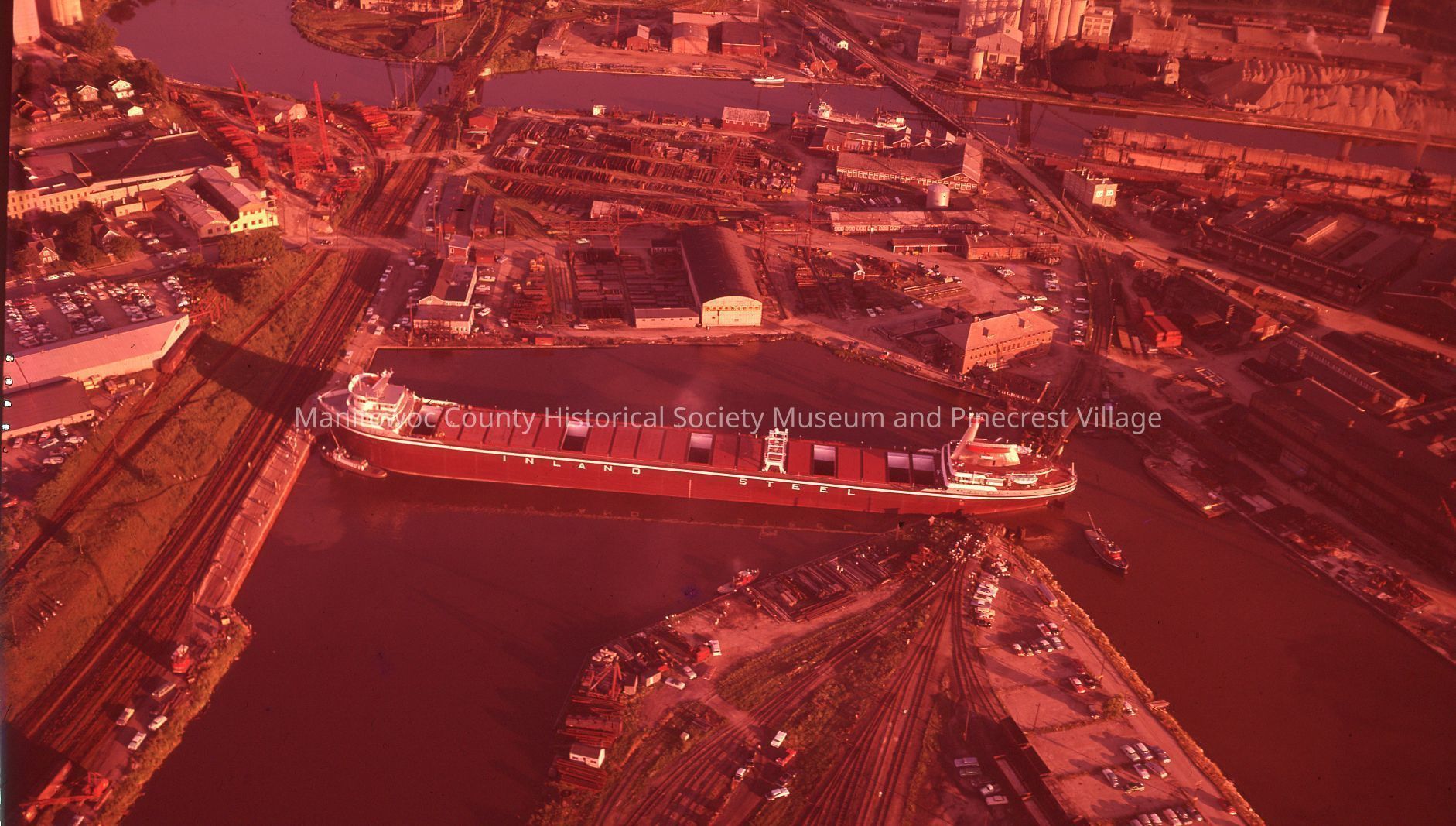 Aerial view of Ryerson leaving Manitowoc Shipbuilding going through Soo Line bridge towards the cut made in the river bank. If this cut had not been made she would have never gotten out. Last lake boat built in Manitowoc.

#####

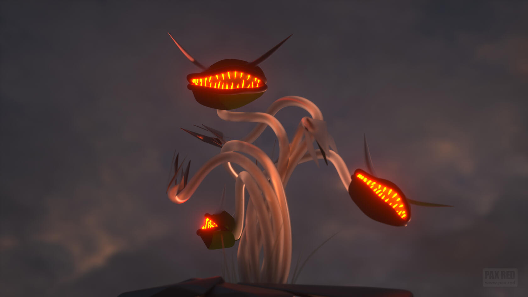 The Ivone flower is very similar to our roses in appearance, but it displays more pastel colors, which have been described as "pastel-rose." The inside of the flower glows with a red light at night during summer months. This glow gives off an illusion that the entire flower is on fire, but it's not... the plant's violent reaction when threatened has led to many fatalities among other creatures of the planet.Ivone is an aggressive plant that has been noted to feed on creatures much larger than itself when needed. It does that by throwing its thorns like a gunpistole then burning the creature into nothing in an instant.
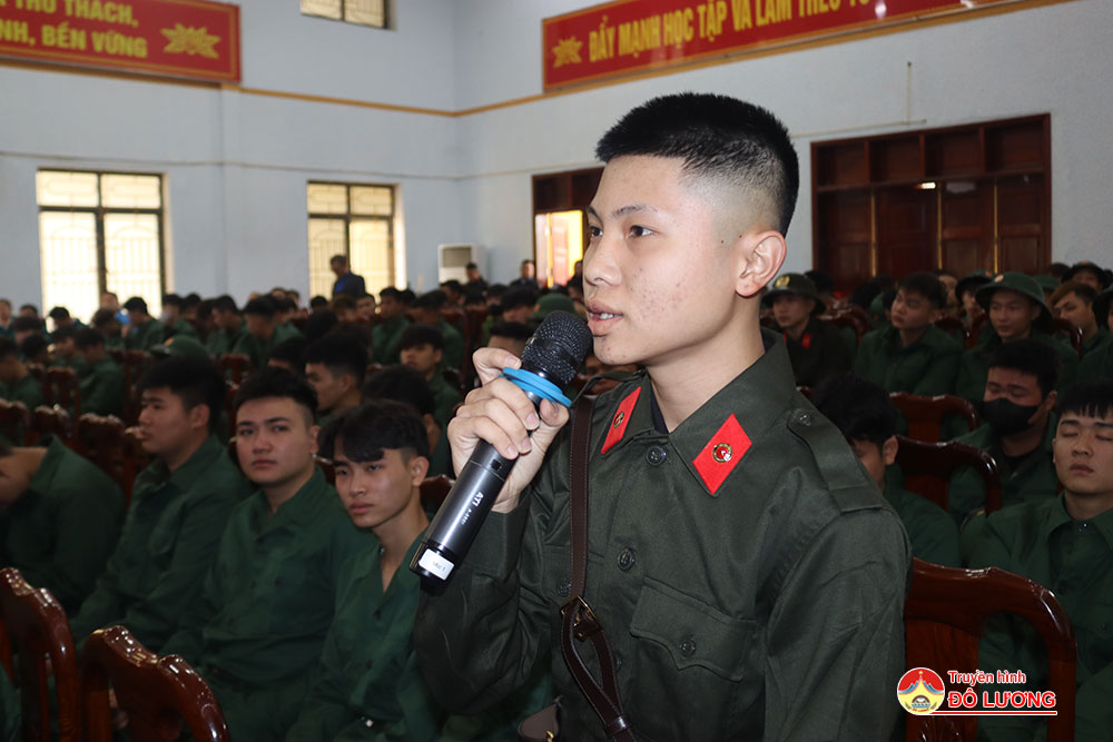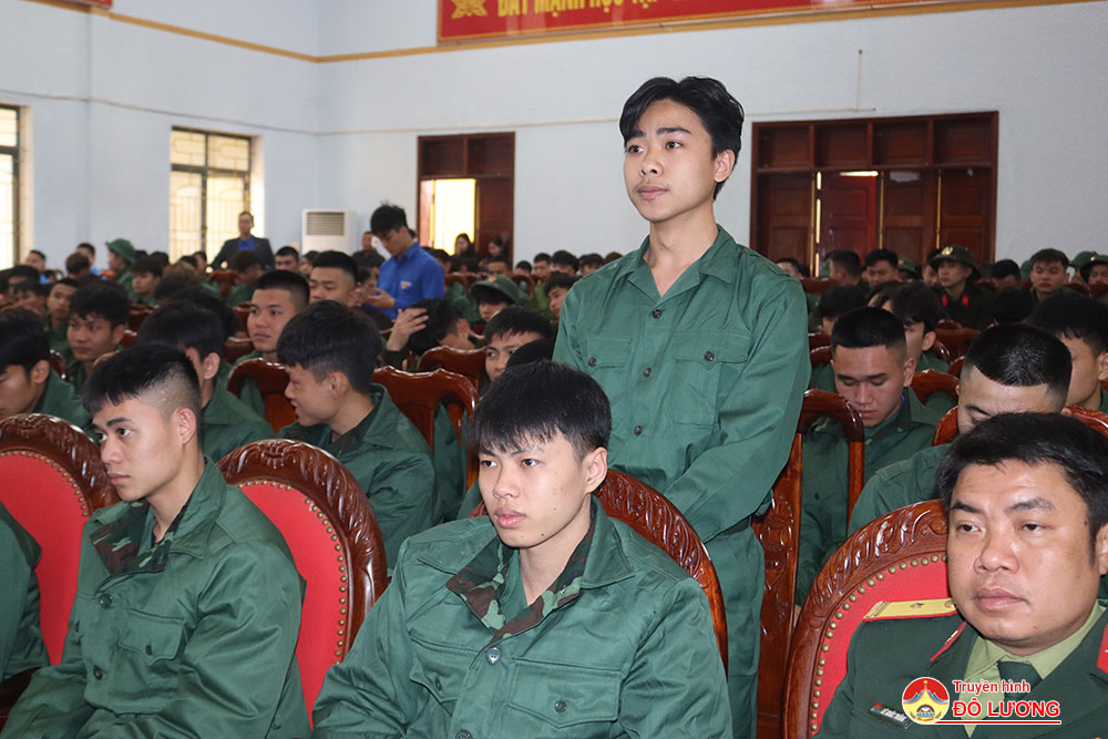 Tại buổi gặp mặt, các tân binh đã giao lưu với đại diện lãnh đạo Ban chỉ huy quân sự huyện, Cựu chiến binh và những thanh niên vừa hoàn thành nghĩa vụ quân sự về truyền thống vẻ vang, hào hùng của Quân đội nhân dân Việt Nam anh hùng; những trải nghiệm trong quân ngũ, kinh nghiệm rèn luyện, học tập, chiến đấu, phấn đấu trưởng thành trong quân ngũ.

#####

#### Task directions:
Above is the material; set down exactly its lines from the one containing "The Ivone flower" down to the one containing "Tại buổi gặp", both included, leaving out any pictures.

#### Task output:
 The Ivone flower is very similar to our roses in appearance, but it displays more pastel colors, which have been described as "pastel-rose." The inside of the flower glows with a red light at night during summer months. This glow gives off an illusion that the entire flower is on fire, but it's not... the plant's violent reaction when threatened has led to many fatalities among other creatures of the planet.Ivone is an aggressive plant that has been noted to feed on creatures much larger than itself when needed. It does that by throwing its thorns like a gunpistole then burning the creature into nothing in an instant.
 Tại buổi gặp mặt, các tân binh đã giao lưu với đại diện lãnh đạo Ban chỉ huy quân sự huyện, Cựu chiến binh và những thanh niên vừa hoàn thành nghĩa vụ quân sự về truyền thống vẻ vang, hào hùng của Quân đội nhân dân Việt Nam anh hùng; những trải nghiệm trong quân ngũ, kinh nghiệm rèn luyện, học tập, chiến đấu, phấn đấu trưởng thành trong quân ngũ.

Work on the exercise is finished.